__SOURCE DATA__
------------------------

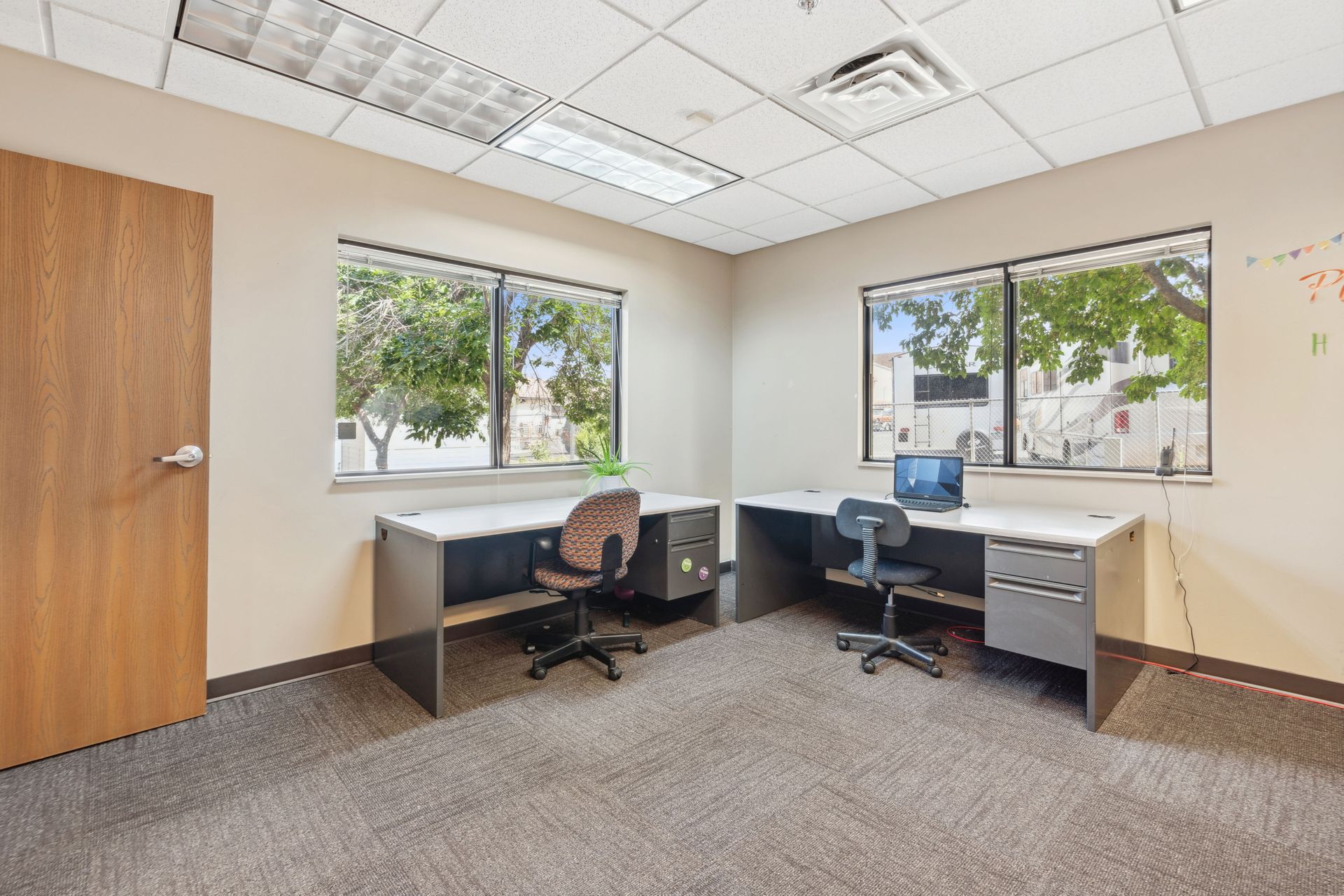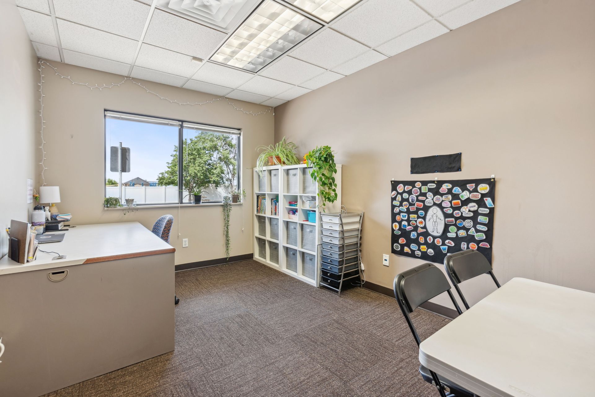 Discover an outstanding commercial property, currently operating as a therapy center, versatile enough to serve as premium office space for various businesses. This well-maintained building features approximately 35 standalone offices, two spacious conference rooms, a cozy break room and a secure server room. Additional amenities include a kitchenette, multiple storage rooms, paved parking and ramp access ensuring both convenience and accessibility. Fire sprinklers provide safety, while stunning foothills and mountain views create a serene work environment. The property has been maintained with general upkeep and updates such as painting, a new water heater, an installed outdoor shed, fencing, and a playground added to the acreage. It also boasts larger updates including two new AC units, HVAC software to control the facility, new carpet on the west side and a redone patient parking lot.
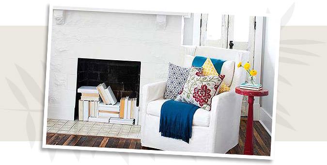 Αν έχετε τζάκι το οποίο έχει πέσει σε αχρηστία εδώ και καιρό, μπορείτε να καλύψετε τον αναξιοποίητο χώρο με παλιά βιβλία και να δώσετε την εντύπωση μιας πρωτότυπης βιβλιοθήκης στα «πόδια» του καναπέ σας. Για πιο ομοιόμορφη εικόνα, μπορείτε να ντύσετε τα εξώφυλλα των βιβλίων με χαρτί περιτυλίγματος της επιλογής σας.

------------------------

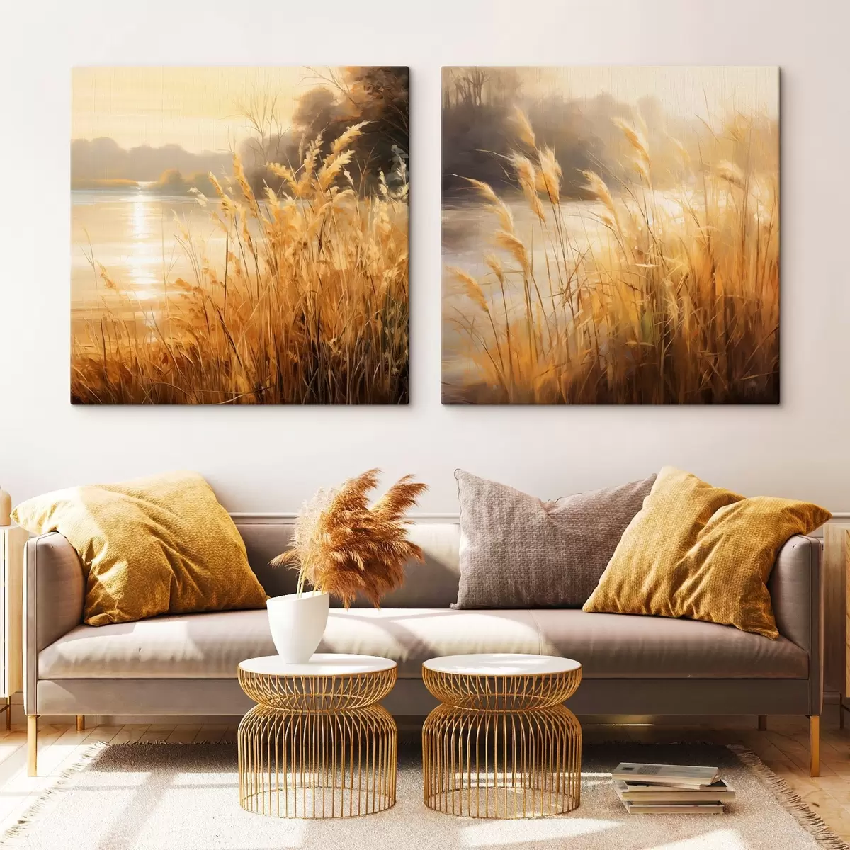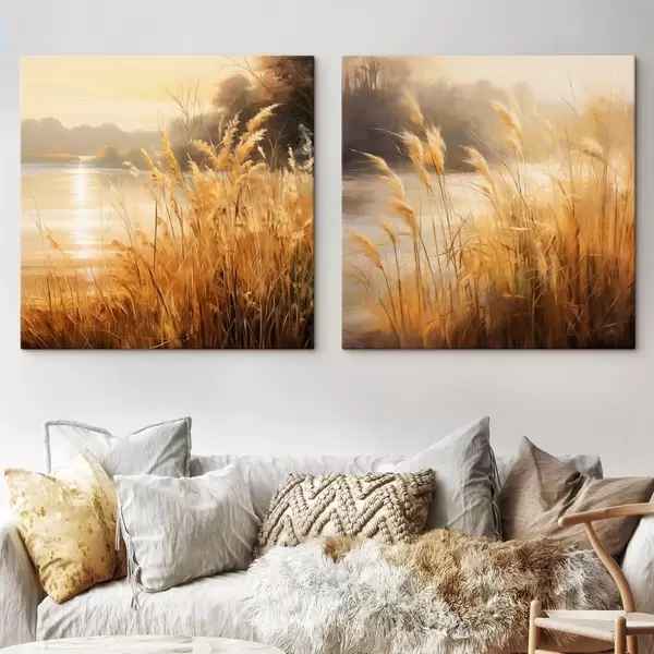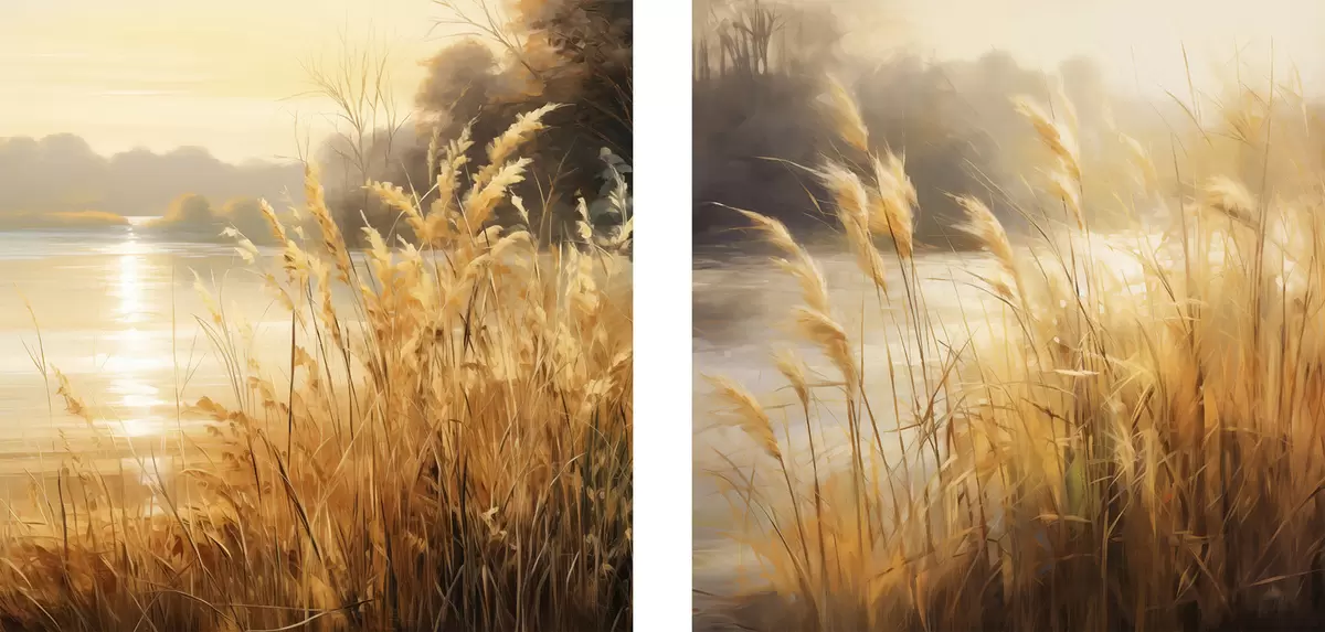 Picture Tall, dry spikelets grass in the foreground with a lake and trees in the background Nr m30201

------------------------

__WORK REQUEST__
Transcribe exactly the lines above, beginning at the one with "Discover an outstanding" and going up to and including the one with "Αν έχετε τζάκι". Pictures do not belong in the copy.

__SOLUTION TO THIS PROBLEM__
 Discover an outstanding commercial property, currently operating as a therapy center, versatile enough to serve as premium office space for various businesses. This well-maintained building features approximately 35 standalone offices, two spacious conference rooms, a cozy break room and a secure server room. Additional amenities include a kitchenette, multiple storage rooms, paved parking and ramp access ensuring both convenience and accessibility. Fire sprinklers provide safety, while stunning foothills and mountain views create a serene work environment. The property has been maintained with general upkeep and updates such as painting, a new water heater, an installed outdoor shed, fencing, and a playground added to the acreage. It also boasts larger updates including two new AC units, HVAC software to control the facility, new carpet on the west side and a redone patient parking lot.
 Αν έχετε τζάκι το οποίο έχει πέσει σε αχρηστία εδώ και καιρό, μπορείτε να καλύψετε τον αναξιοποίητο χώρο με παλιά βιβλία και να δώσετε την εντύπωση μιας πρωτότυπης βιβλιοθήκης στα «πόδια» του καναπέ σας. Για πιο ομοιόμορφη εικόνα, μπορείτε να ντύσετε τα εξώφυλλα των βιβλίων με χαρτί περιτυλίγματος της επιλογής σας.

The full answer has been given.